Heiko Böhmer: Darum haben wir aktuell den Boden an den Börsen noch nicht erreicht

Eine Frage treibt derzeit die Investoren um: Haben wir den Boden in der aktuellen Korrektur schon gesehen? Die Meinungen der Experten gehen hier weit auseinander. Klar ist: Es lohnt sich diese Frage genauer unter die Lupe zu nehmen – denn wer den Boden eines Bärenmarktes optimal erwischt und Positionen aufbaut, gehört im darauf folgenden Bullenmarkt zu den größten Gewinnern.
Schaut man auf die gängigen Stimmungsindikatoren dann fällt doch eine Sache auf: Die Stimmung ist nicht nur am Boden, die Stimmung ist extrem schlecht und in manchen Bereichen so schlecht wie noch niemals zuvor.
Ganz aktuell zeigen das wieder die Sentix Stimmungsindikatoren – vor allem bezogen auf den deutschen Nebenwerte-Index MDAX. Hier hat es schon neue Jahrestiefs gegeben. Es ist eben so, dass die mittelgroßen Unternehmen nicht einfach so in der Lage sind, die Produktion zwischen internationalen Standorten aktiv zu verlagern. Dazu heißt es in der aktuellen Sentix-Analyse: „Die Auswirkung der deutschen Unsinns-Energiepolitik trifft den Mittelstand mit voller Wucht. Das Anlegersentiment rauscht bezogen auf den MDAX auf ein Allzeittief. Mit -63 Prozent herrscht hier blankes Entsetzen und eine gewisse Schockstarre. Das Endspiel hat begonnen.“
Die Kapitulation an den Märkten fehlt noch
Aber zurück zur Ausgangsfrage: Haben wir den Boden an den Märkten in der aktuellen Korrektur schon gesehen? Das glaube ich noch nicht. Es fehlt noch immer die Kapitulation an den Märkten. Es fehlt noch immer die Panik an den Märkten. Wir erleben eine große Angst bei vielen Investoren – aber eben keine Panik. Das ist ein großer Unterscheid.

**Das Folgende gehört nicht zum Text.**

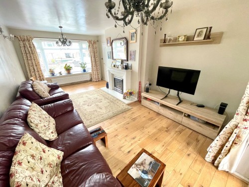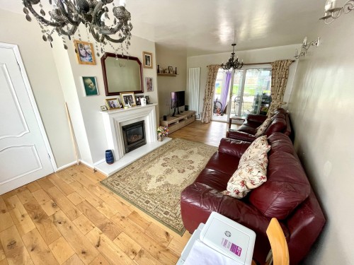 3.4m x 6.0m (11' 2" x 19' 8") Bay window to front, feature fireplace with flame effect gas fire, two radiators, laminate floor, four wall light points and patio door leading to the conservatory.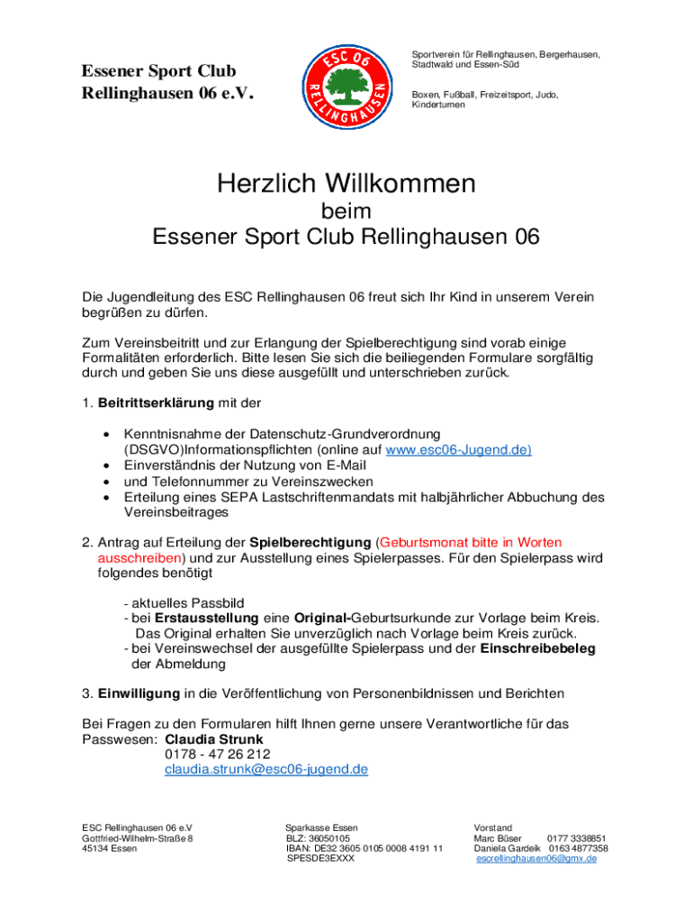 The paperwork for Essener Sport Club Rellinghausen can be filled out online or submitted in person at the club's office.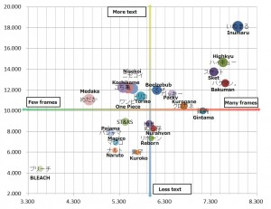 Vi propongo qui di seguito un grafico incentrato sull’analisi di tutti i manga della Shonen Jump. Esso compara le diverse serie basandosi sul rapporto testo/vignette. In sostanza, mette a confronto diverse opere per farne risultare alcuni aspetti, come ad esempio il manga con il maggior numero di vignette o quello con più discorsi. Per realizzare il grafico sono stati presi in considerazione tre capitoli consecutivi di ogni opera presente nella testata ed è stato contato il numero di vignette e di linee di testo presente in ognuna di esse.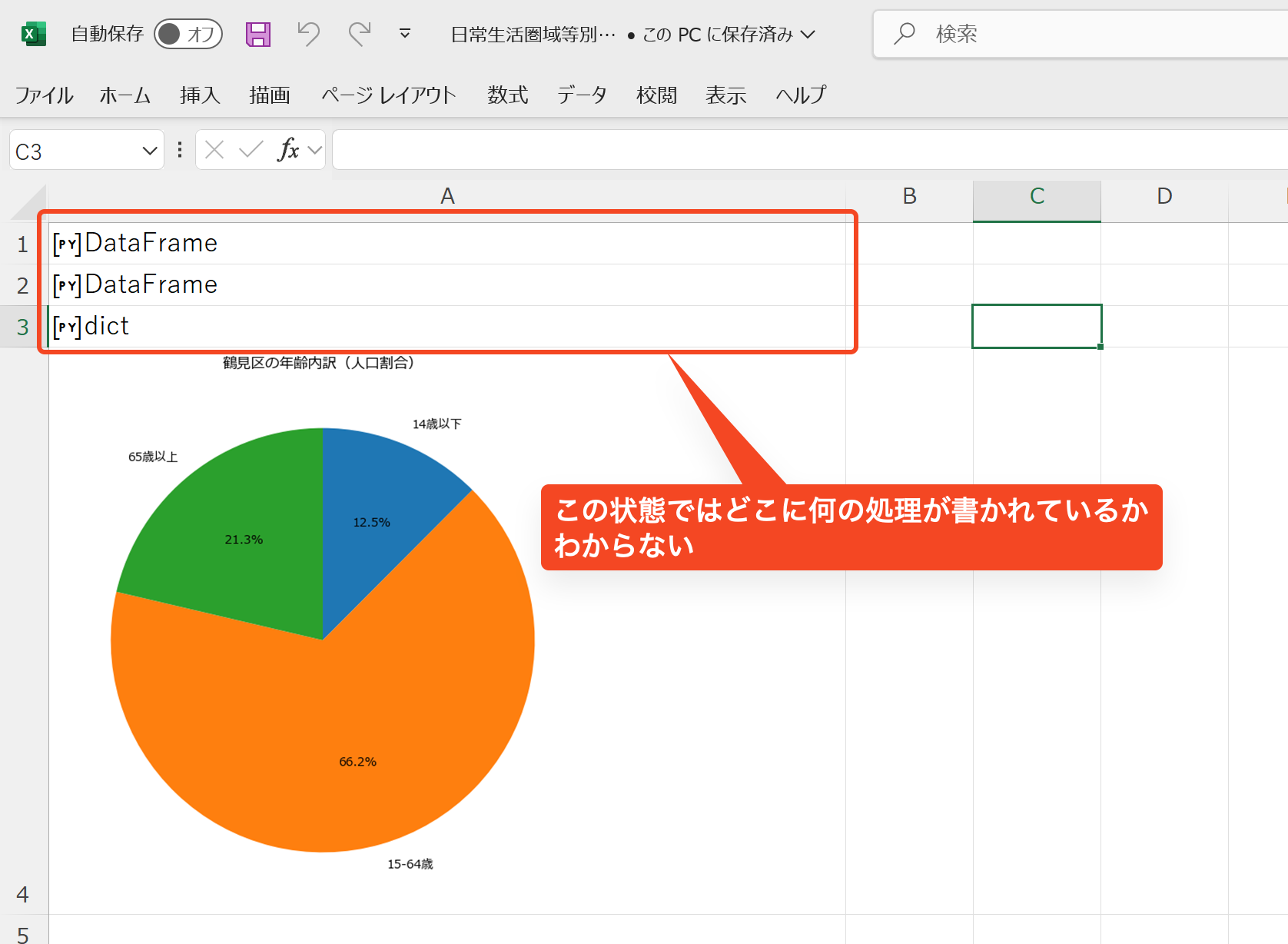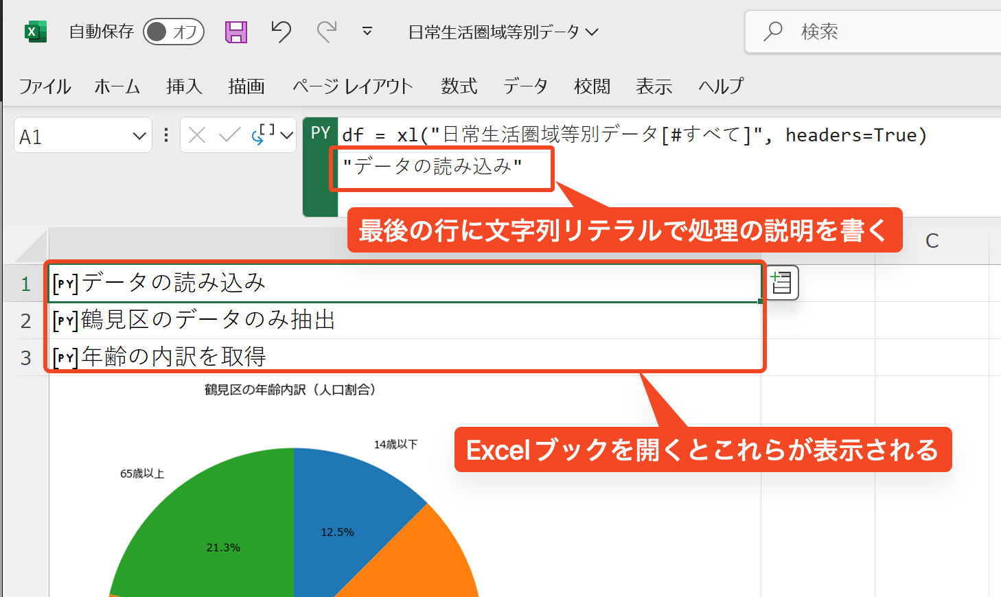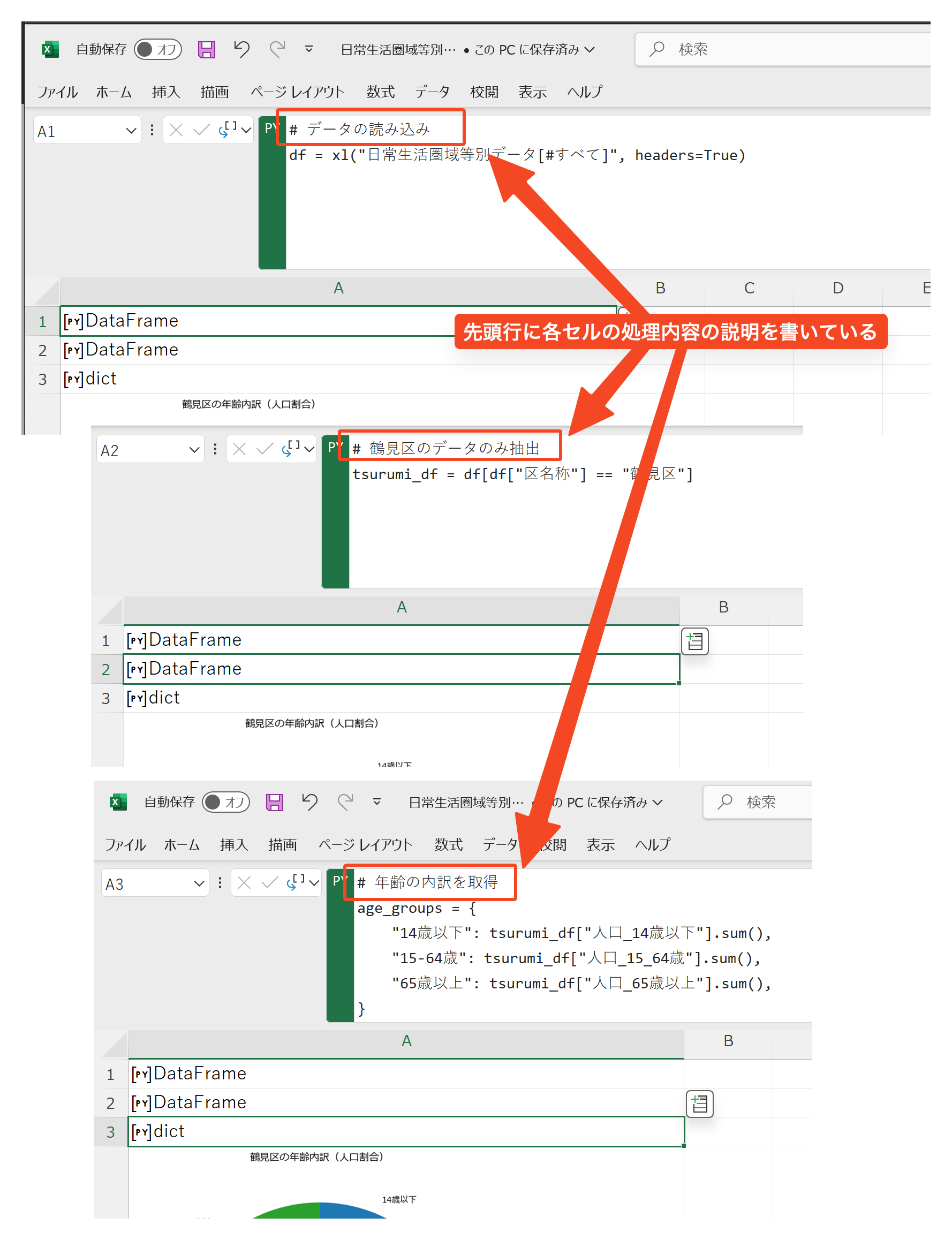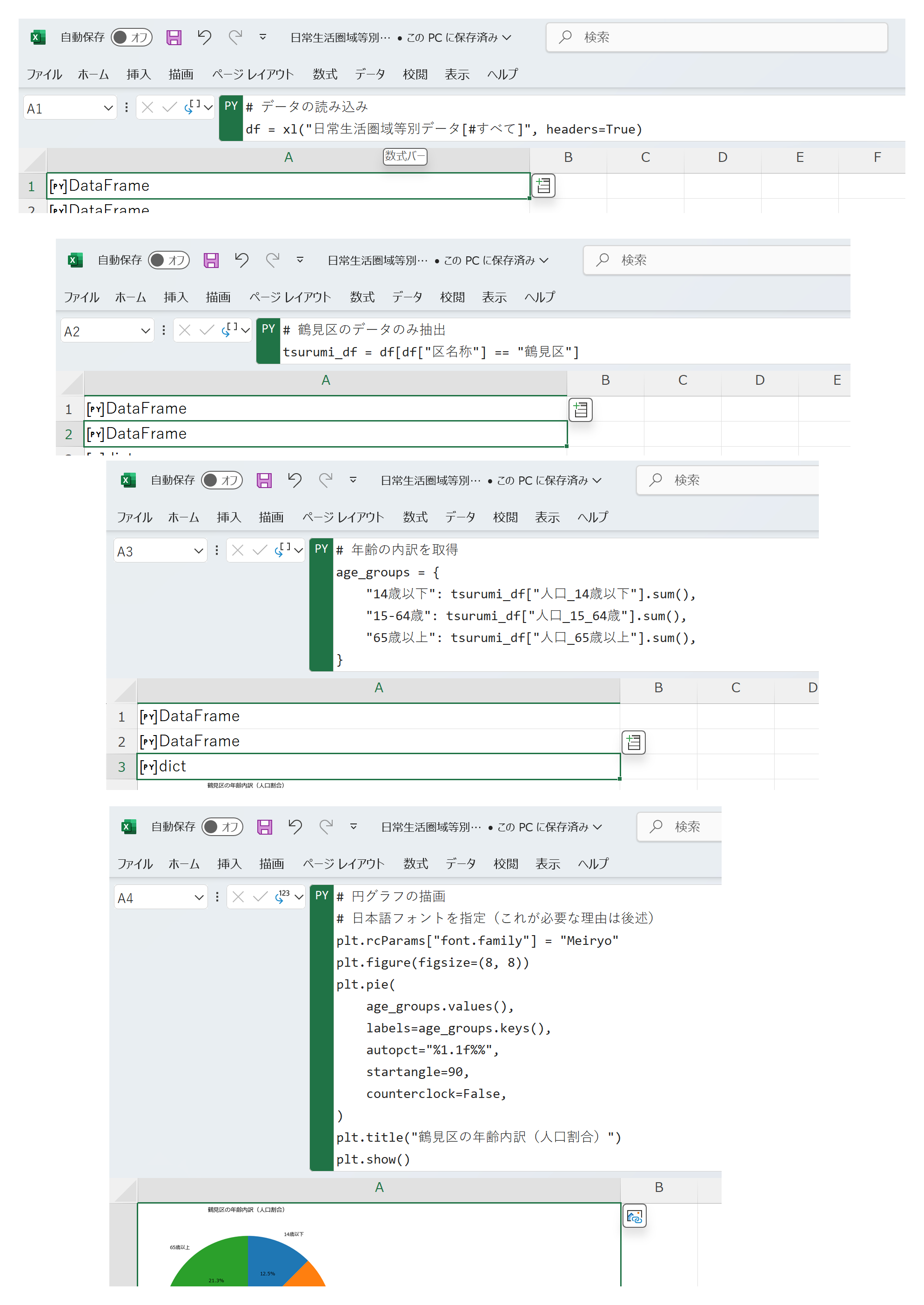 例として、横浜市のオープンデータから日常生活圏域等別データ(2018年3月~2024年3月)を使って、鶴見区の人口の年齢内訳を表す円グラフを作ってみます。 なお、Excelシート上のテーブルには「日常生活圏域等別データ」という名前を付けていることを前提としています。 以下のコードを見てください。すべての処理を1つのセルにまとめて書いています。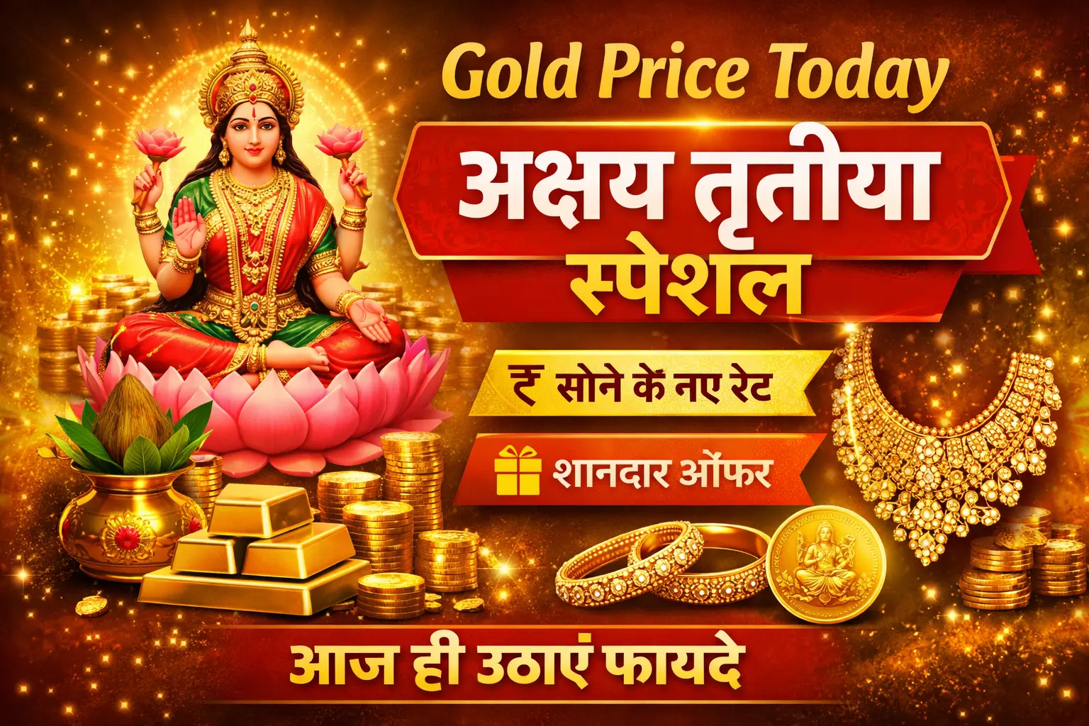 अक्षय तृतीया हिंदू धर्म का बेहद शुभ और पवित्र पर्व माना जाता है। इस दिन सोना खरीदना शुभ माना जाता है, इसलिए हर साल लाखों लोग Akshay Tritiya Gold Purchase करते हैं। अगर आप भी आज सोना खरीदने की सोच रहे हैं, तो पहले जान लीजिए Gold Price Today, लेटेस्ट ऑफर और कौन-सा गोल्ड खरीदना रहेगा फायदेमंद।
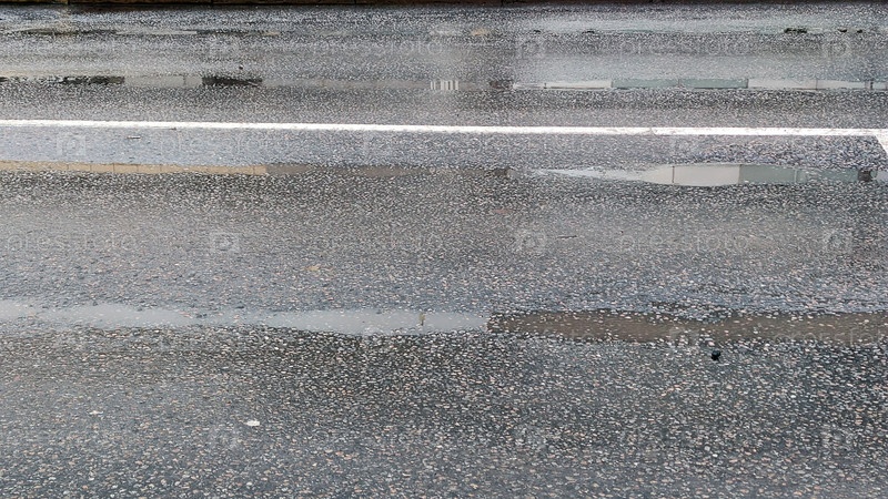 Темно-серый мокрый асфальт. Небольшие лужи на мокром асфальте после дождя. Поверхность серо-белая из-за облаков над головой. В луже отражается серое небо и верхушка неизвестного здания

Sentix-Geschäftsführer Manfred Hübner bringt es in diesen Tagen klar auf den Punkt: „Während Panik ein exzellentes Einstiegsmoment darstellt, ist Angst oft die Vorstufe zur Kapitulation. Die großen, wilden Ausverkaufstage fehlen (noch). Die nächsten zwei bis drei Wochen bieten sich hierfür an und dann wäre ein sehr aussichtsreiches Setup gegeben.“
Tatsächlich ist die zweite Septemberhälfte im saisonalen Muster der Märkte traditionell besonders schwach. Gerade die letzte September-Woche, die in wenigen Tagen beginnt, ist häufig eine der schwächsten Börsenwochen des gesamten Jahres. Nun sind saisonale Muster auf keinen Fall als Basis für Investmententscheidungen ausreichend. Doch wenn es darum geht, bestehende Einschätzungen noch zu untermauern, bieten sie sich durchaus an.
Tatsächlich haben sich bei der kurzfristigen Einschätzung der Investoren auf Sicht der nächsten 30 Tage, dem sogenannten Sentiment, zuletzt so extrem negative Werte ergeben, dass dies schon auf einen baldigen Stimmungswechsel und damit steigende Kurse an den Börsen hindeutet. Dies gilt besonders für US-Aktien.
Gewinnrückgänge bei den Unternehmen noch nicht eingepreist
Die mittelfristige Einschätzung auf Sicht von sechs Monaten, die als strategischer Bias bezeichnet wird, hat sich jedoch noch gar nicht verbessert. Es liegt also noch kein Einstiegsignal vor. Tatsächlich werden die kommenden Wochen nun besonders spannend. In wenigen Wochen startet die Berichtssaison zum dritten Quartal. Der große Fokus wird hier auf den Ausblicken der Unternehmen liegen. Grundsätzlich sind Gewinnrückgänge bei vielen Unternehmen zu erwarten. Und die sind noch nicht eingepreist. Rückgänge zwischen fünf und zehn Prozent sind ohne weiteres möglich. Bei einigen energieintensiven Branchen wie der Stahlindustrie ist auch mit einem Abrutschen in die Verlustzone zu rechnen – denn neben den hohen Kosten belastet nun auch noch eine schwächere Nachfrage die Unternehmen.